* WHAT IS REQUIRED
Omit every picture, and retype the lines that run from the beginning of the data below through the line containing "This café one-piece", inclusive.

Items from a data source
════════
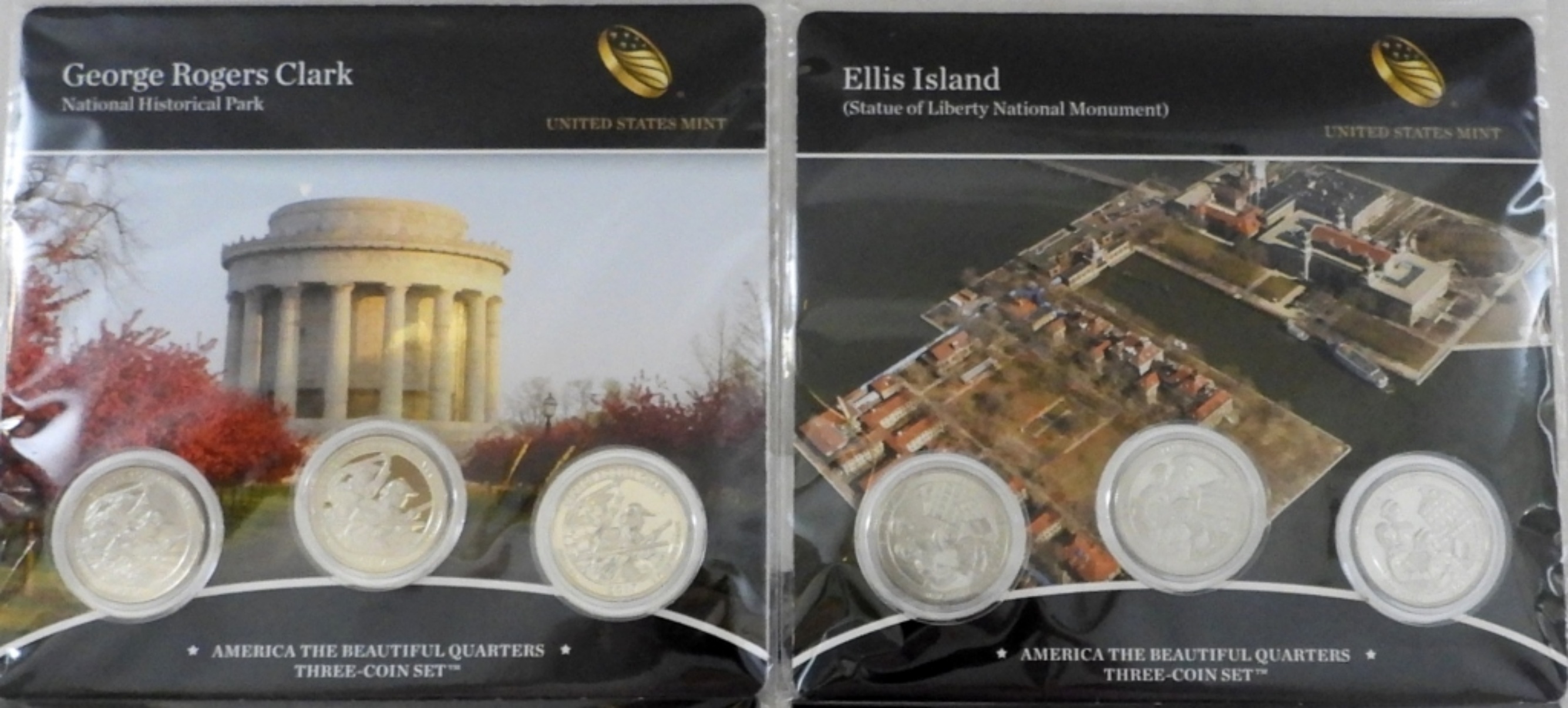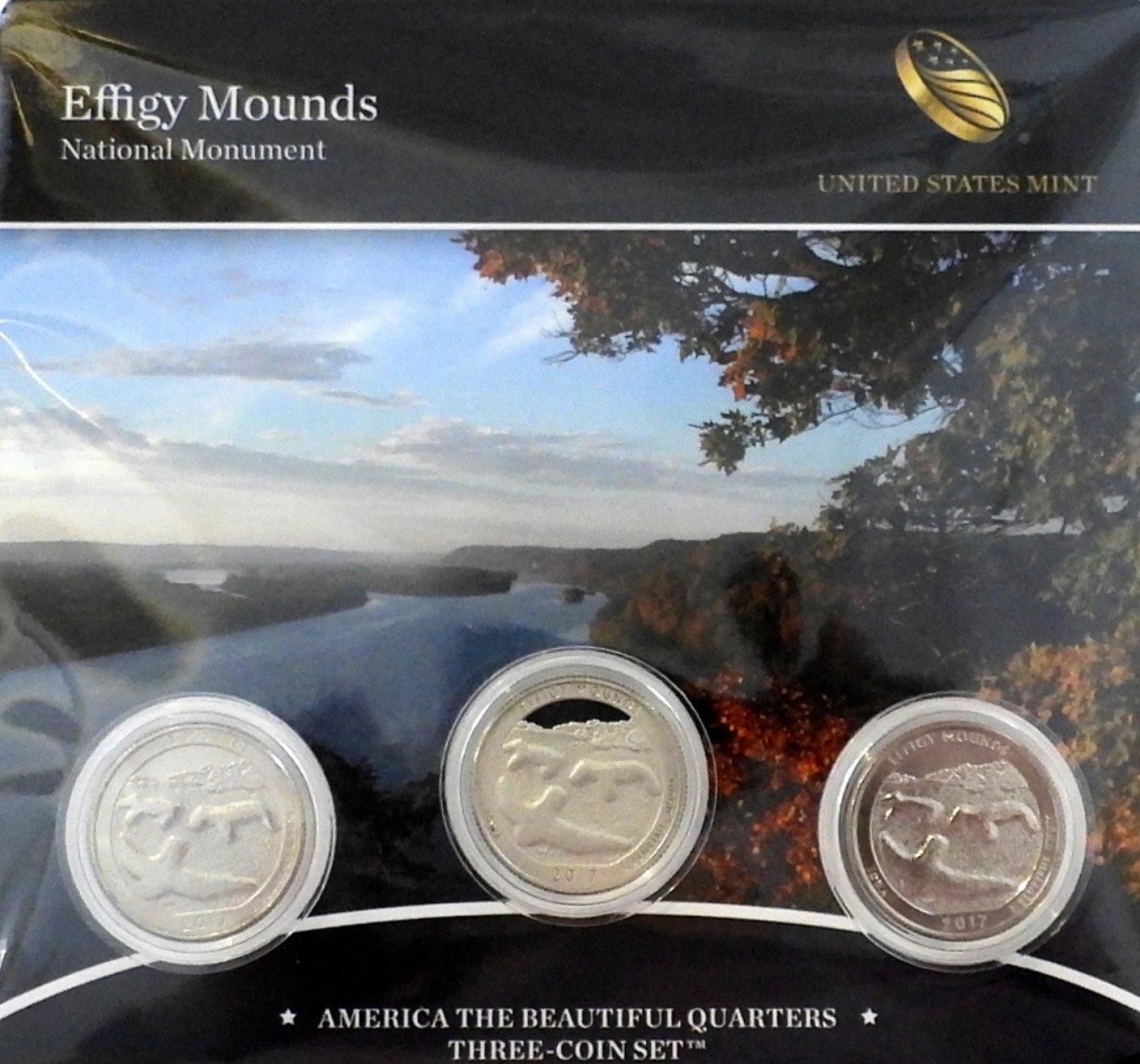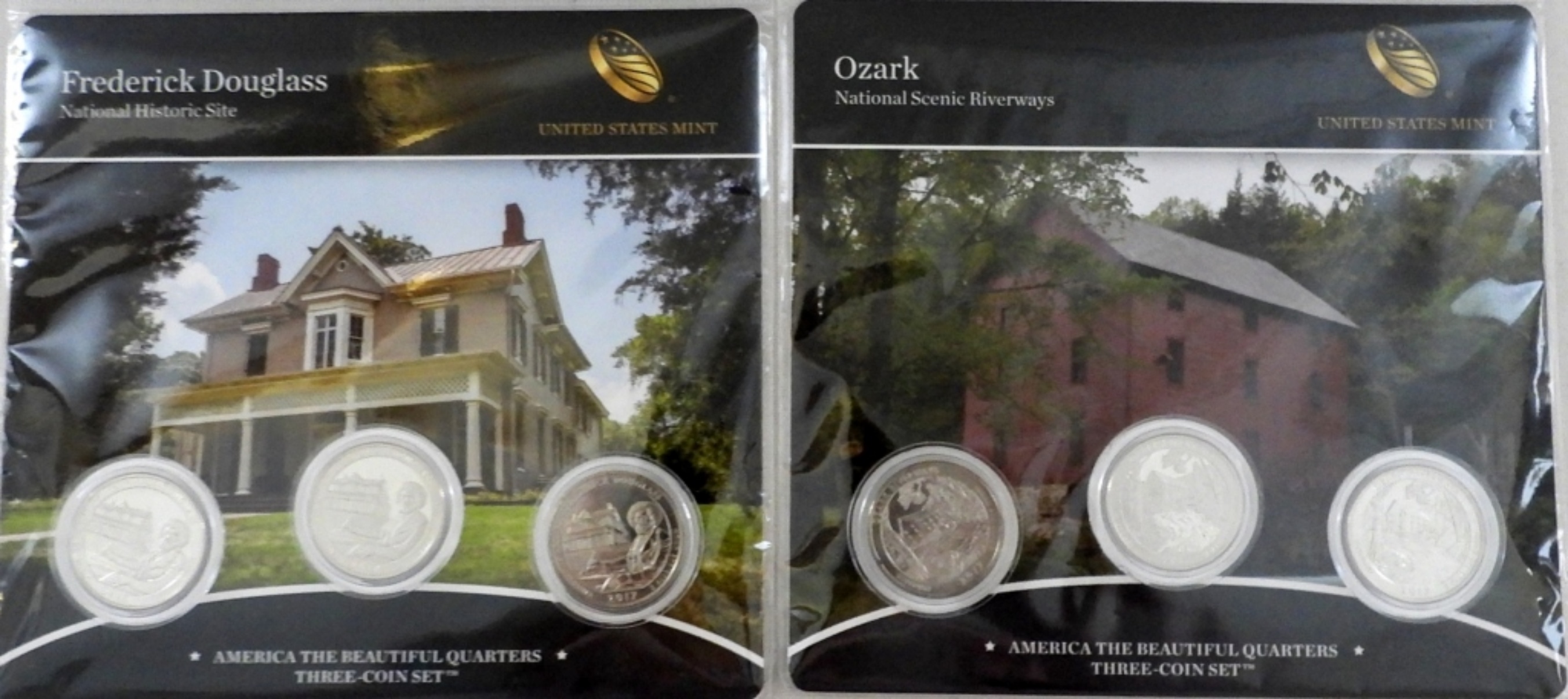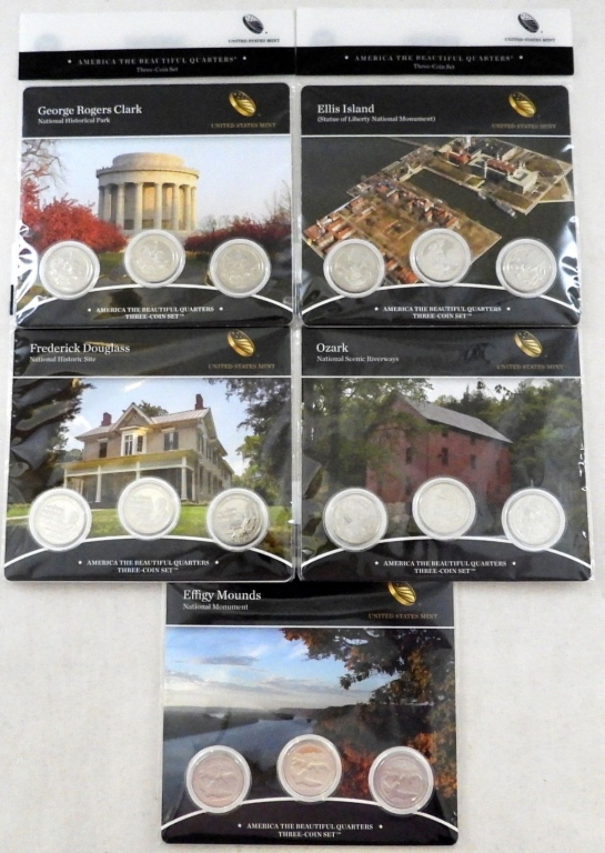 EFFIGY MOUNDS, FREDERICK DOUGLASS, OZARK, ELLIS ISLAND, & GEORGE ROGERS CLARK. AMERICA THE BEAUTIFUL QUARTERS SEALED IN MINT PACKAGING W/ COA
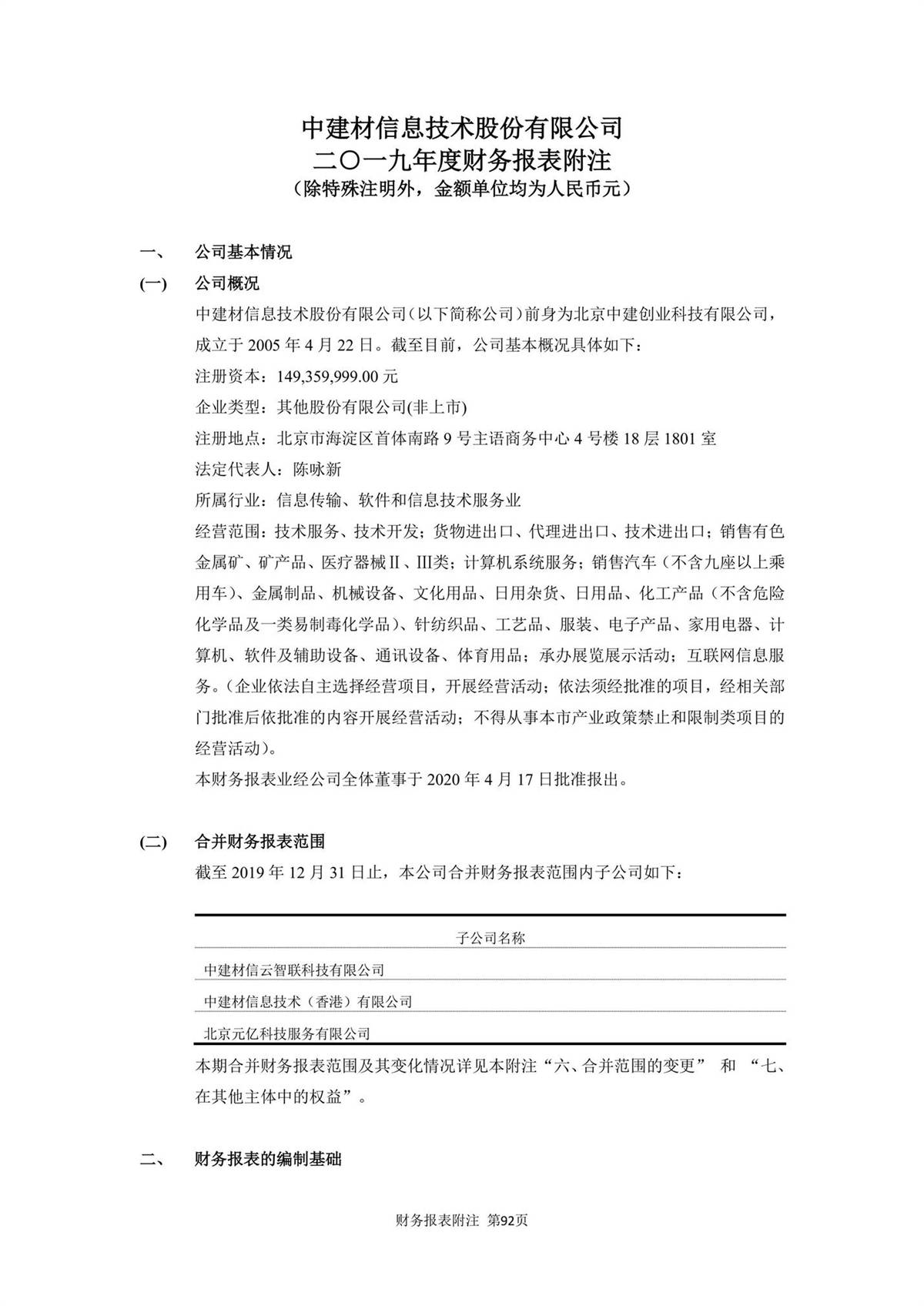 中建信息2019年年度報告
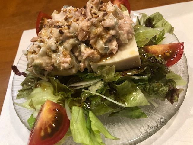 ザーサイを乗っけた、豆腐サラダ!こりゃ美味しい。
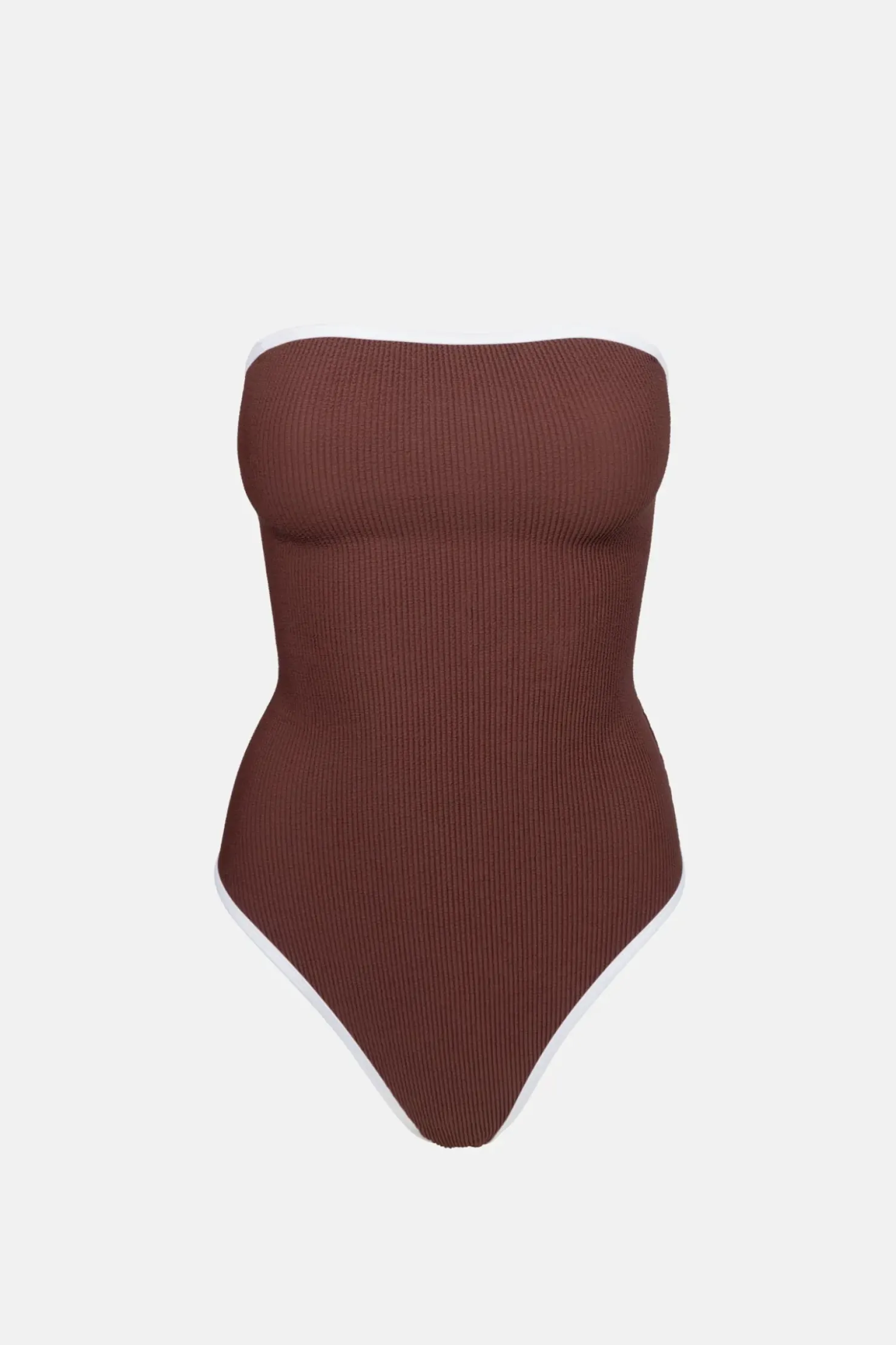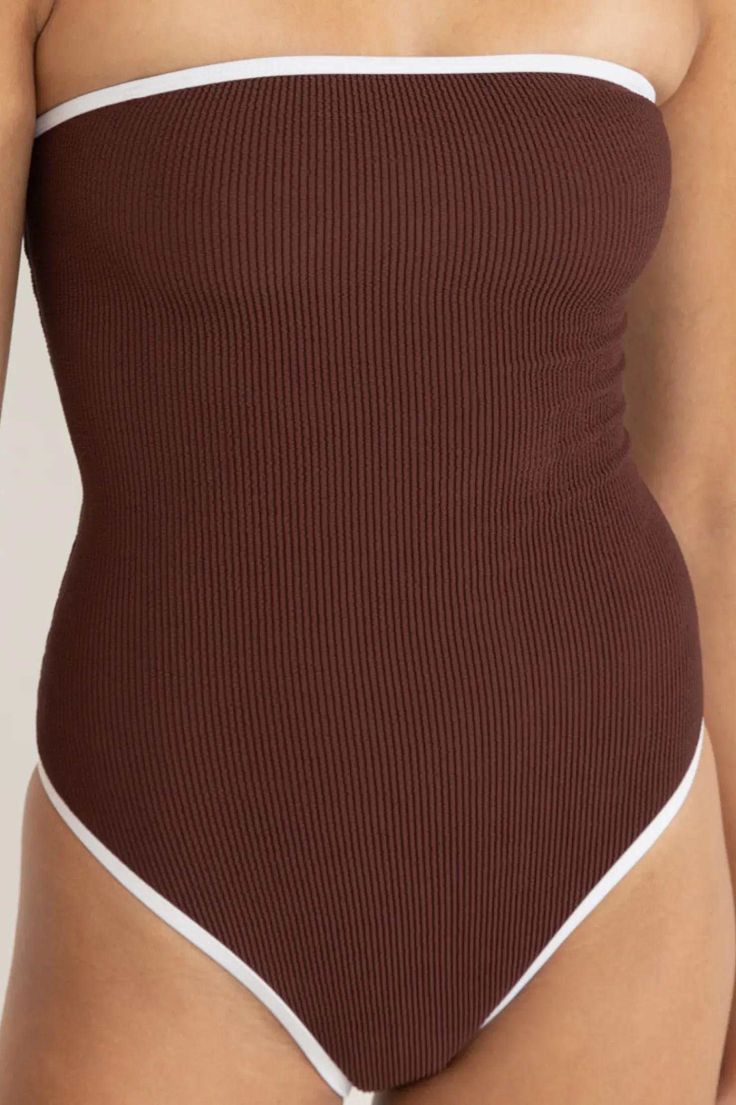 This café one-piece features moderate coverage, a high-rise fit, and black contrast binding. Adjustable straps and the Rhythm metal coin logo complete the look
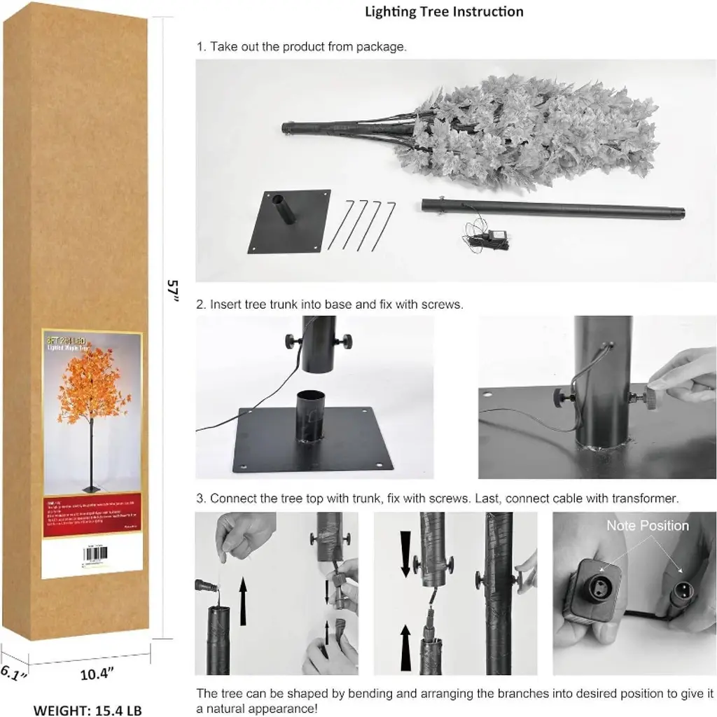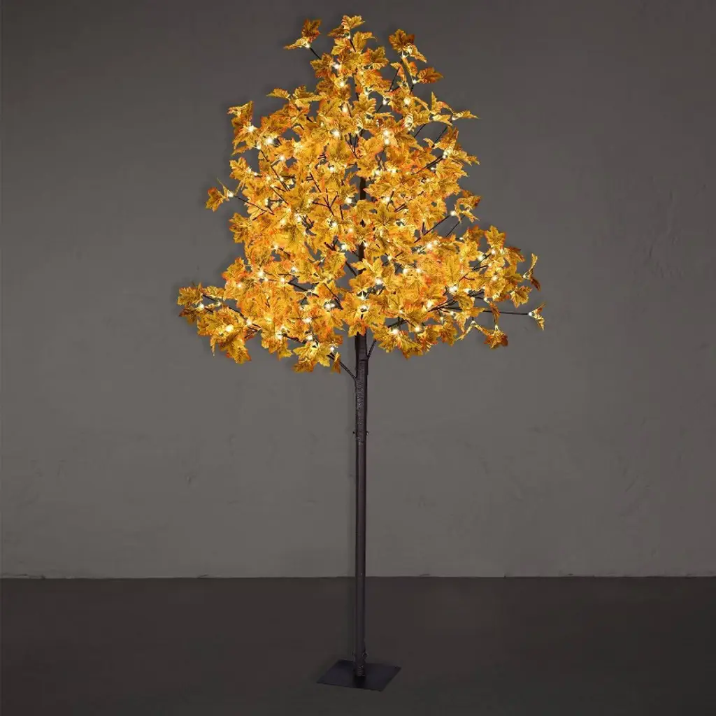 Elevate your seasonal decor with this breathtaking 8FT lighted maple tree, adorned with 264 warm white LED lights that accentuate its realistic maple leaves and natural brown trunk. Engineered with our patent-pending Consolidus base for unmatched stability (far superior to standard cross stands), this majestic tree creates a stunning focal point for any space. Simply plug in the included UL-listed power supply to instantly transform your environment. Ideal for both indoor and outdoor use, this versatile centerpiece shines for autumn festivals, holiday parties, Christmas displays, and weddings. The knock-down design ensures easy storage, while included linen/gunny bag accents add rustic charm. Whether creating a cozy autumn atmosphere or festive holiday magic, this statement tree delivers unforgettable ambiance season after season.
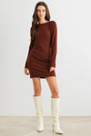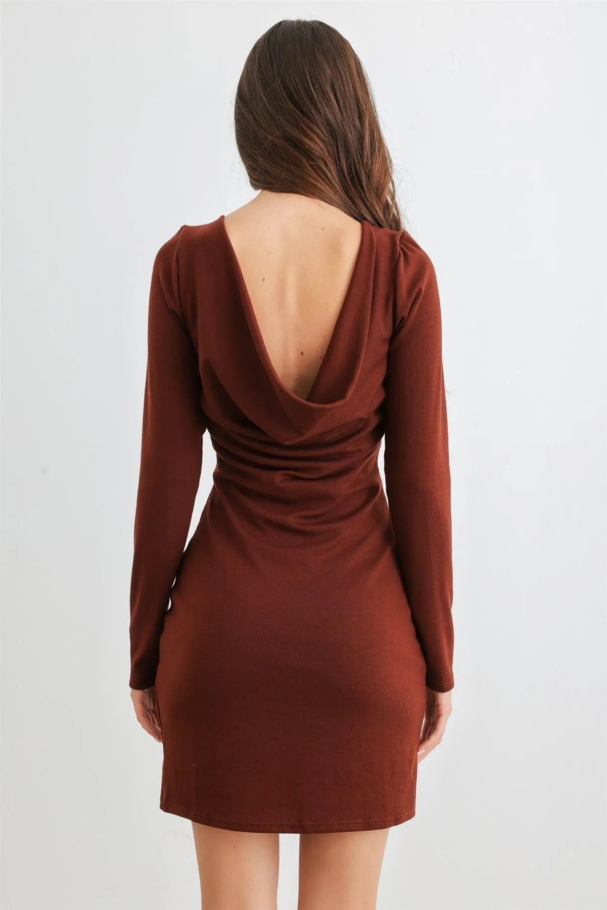 Cognac Cowl Back Long Sleeve Mini Dress /1-1-2-1
════════
* YOUR RESPONSE
 EFFIGY MOUNDS, FREDERICK DOUGLASS, OZARK, ELLIS ISLAND, & GEORGE ROGERS CLARK. AMERICA THE BEAUTIFUL QUARTERS SEALED IN MINT PACKAGING W/ COA
 中建信息2019年年度報告
 ザーサイを乗っけた、豆腐サラダ!こりゃ美味しい。
 This café one-piece features moderate coverage, a high-rise fit, and black contrast binding. Adjustable straps and the Rhythm metal coin logo complete the look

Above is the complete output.